Il 19 maggio si celebreranno, in Repubblica Dominicana, le elezioni presidenziali. A sfidare il capo di stato uscente Luis Abinader, definibile con approssimazione un riformista, sarà essenzialmente l’ex presidente Leonel Fernández: per due volte alla guida della Nazione, l’ultima sino al 2012. Il candidato Abel Martínez Durán, sindaco di Santiago de los caballeros, pare, infatti, in ritardo nei sondaggi. Anzi, secondo l’ultima inchiesta elettorale, Abinader dovrebbe spuntarla al primo turno, forte del 62,4% dei voti. Solo un modesto 22,3% è accreditato invece al leader di Fuerza del pueblo (Fp): una formazione, sulla carta, di sinistra.

E’ tuttavia necessario mettere ordine sui profili ideologici dei candidati, anche per le ripercussioni in politica estera. Abinader, per cominciare, si presenta come un leader di centrosinistra; e tuttavia il Partido Revolucionario moderno (Prm) è piuttosto un partito della Nazione, attento a non scoprirsi a destra. E a sostenere le posizioni più conservatrici, come dimostra la gestione della crisi haitiana. Diverso il percorso di Fernández, vecchia volpe della politica, padre della patria, e un uomo per tutte le stagioni. Dopo aver guidato per anni il Partido de la Liberación dominicana (Pld), che nel bipolarismo locale ha rappresentato le istanze moderate, nel 2019 se ne discosta.
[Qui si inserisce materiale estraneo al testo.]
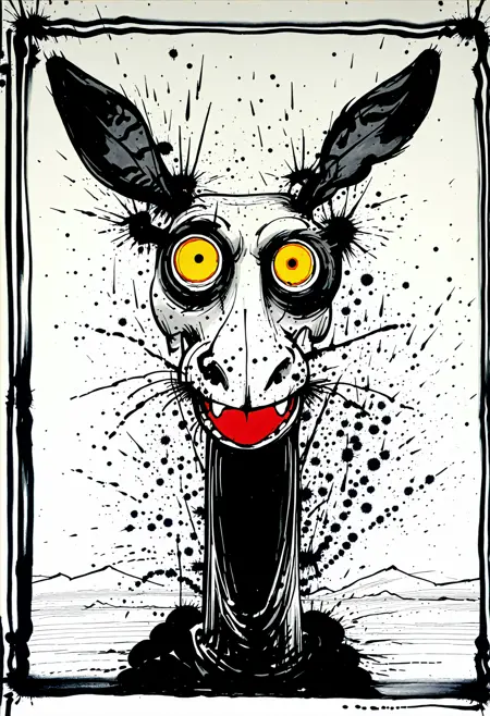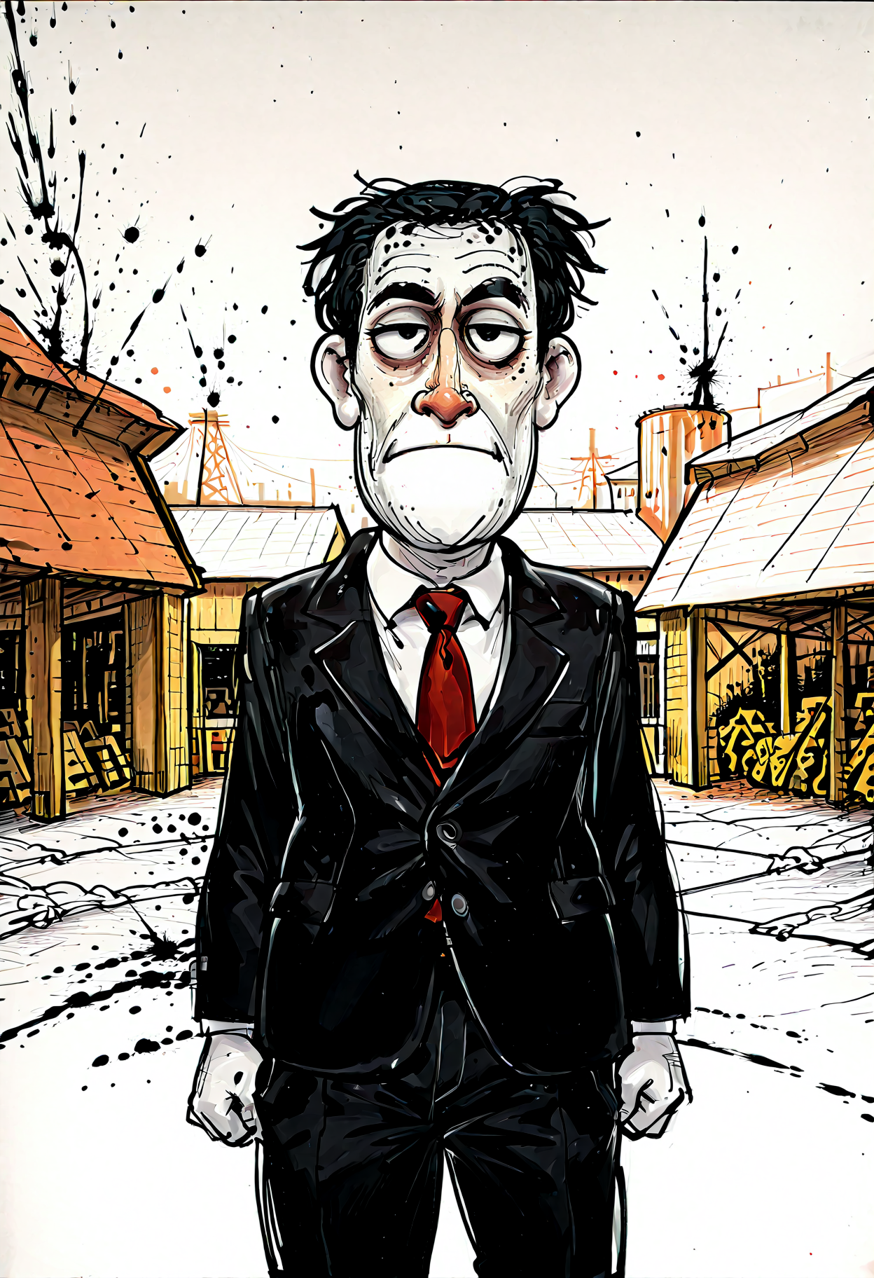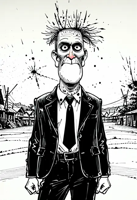 这个LoRA将拉尔夫·斯泰德曼标志性的艺术风格所特有的鲜明而混乱的能量带入你的AI生成作品中。非常适合创作怪诞的讽刺画、超现实主义图像以及充满动感、墨水溅洒的构图,该模型强调原始情感与艺术的即兴性。

Tra contrasti con gli altri dirigenti e accuse di brogli alle primarie. Fino appunto all’ultimo approdo, quello tra i progressisti. I suoi mandati furono comunque segnati sì da stabilità macroeconomica e grandi infrastrutture, ma anche da scarsa attenzione per sanità e istruzione. Le sfide maggiori, per il vincitore, riguarderanno il rapporto con Haiti: dalle espulsioni su larga scala, stigmatizzate dalle organizzazioni umanitarie e da esponenti della Chiesa cattolica, alla costruzione del controverso muro, presso la frontiera (di quasi 400 chilometri) col turbolento vicino. E intanto Abinader, in clima da campagna elettorale, ha dichiarato che non intende adeguarsi agli inviti a sospendere le espulsioni di massa; una richiesta in tal senso era stata formulata dall’Alto Commissario delle Nazioni unite per i Diritti umani, l’austriaco Volker Türk.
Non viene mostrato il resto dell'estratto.